# Anyone know of this sadly early-deceased contemporary of Mahler?



## Arent (Mar 27, 2017)

I can't remember the name. I think he studied alongside and was a friend of the young Mahler, and wrote a symphony which was in the same league as Mahler's first. Then he died, still in his early twenties.


----------



## KenOC (Mar 7, 2011)

Are you maybe thinking of Hans Rott?


----------



## Arent (Mar 27, 2017)

Thanks! I knew the response would be swift from the knowledgeable folks around here.

https://en.wikipedia.org/wiki/Hans_Rott

Quite a remarkable early career and a sad loss. Both Mahler and Bruckner attended his funeral. It's quite probable that he would have become one of the major composers of the era.


----------



## chill782002 (Jan 12, 2017)

Thank you, I hadn't heard of this gentleman, will check out his work.

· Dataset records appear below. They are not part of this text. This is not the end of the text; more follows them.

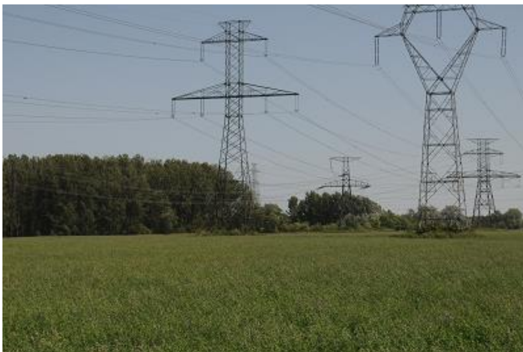
Az 1. mintavételi kvadrát a második mintavételkor.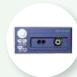
2 clavijas-22-28-8/4 mm, bipolar N.º 20140-613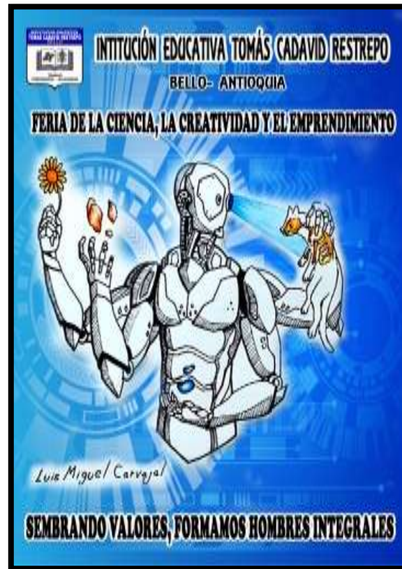
Imagen: Pendón alusivo a la feria de la ciencia 2019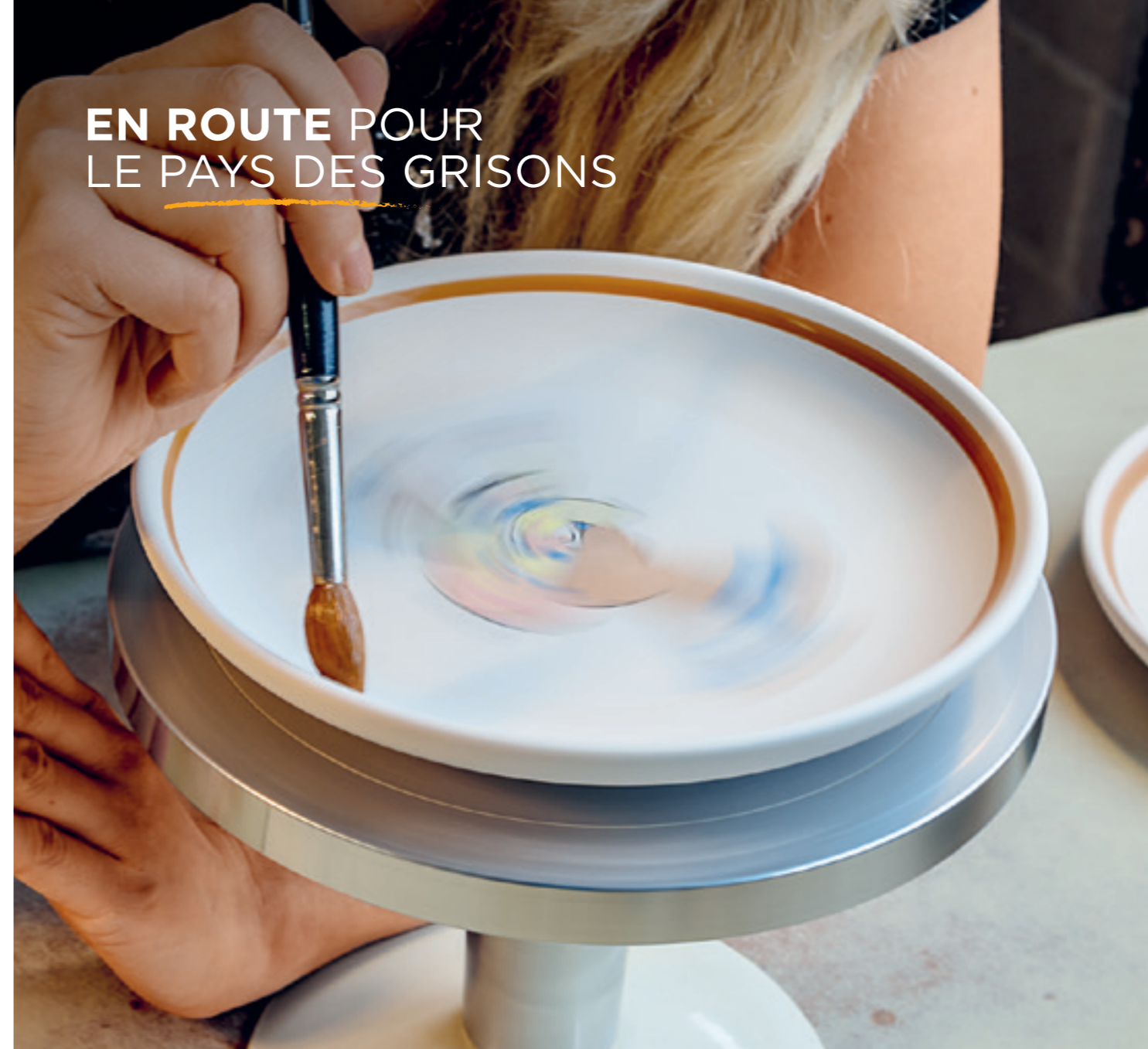
Set pour enfant Ursli Assiette enfant Ø 18 cm bord élevé et tasse enfant 2.0 dl 39540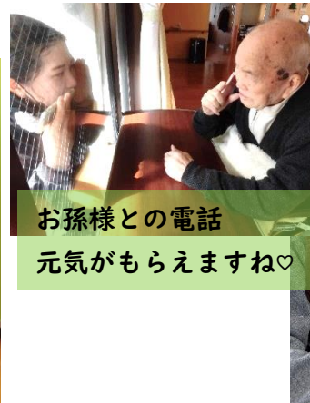
お孫様との電話 元気がもらえますね♡

Similar to Rudi Stephan, another highly regarded talent who died tragically young.

https://en.wikipedia.org/wiki/Rudi_Stephan


----------



## Guest (Mar 29, 2017)

Rott's symphony in E major is really good, IMO. It sounds like Mahler to me, but was written well before Mahler's first symphony. He might have written more, but he struggled withdepression/mental illness before his death at age 25 from tuberculosis. 

Perhaps he was depressed after showing Brahms his symphony. According to some, Brahms told him he had no talent whatsoever and should give up music. I disagree.


----------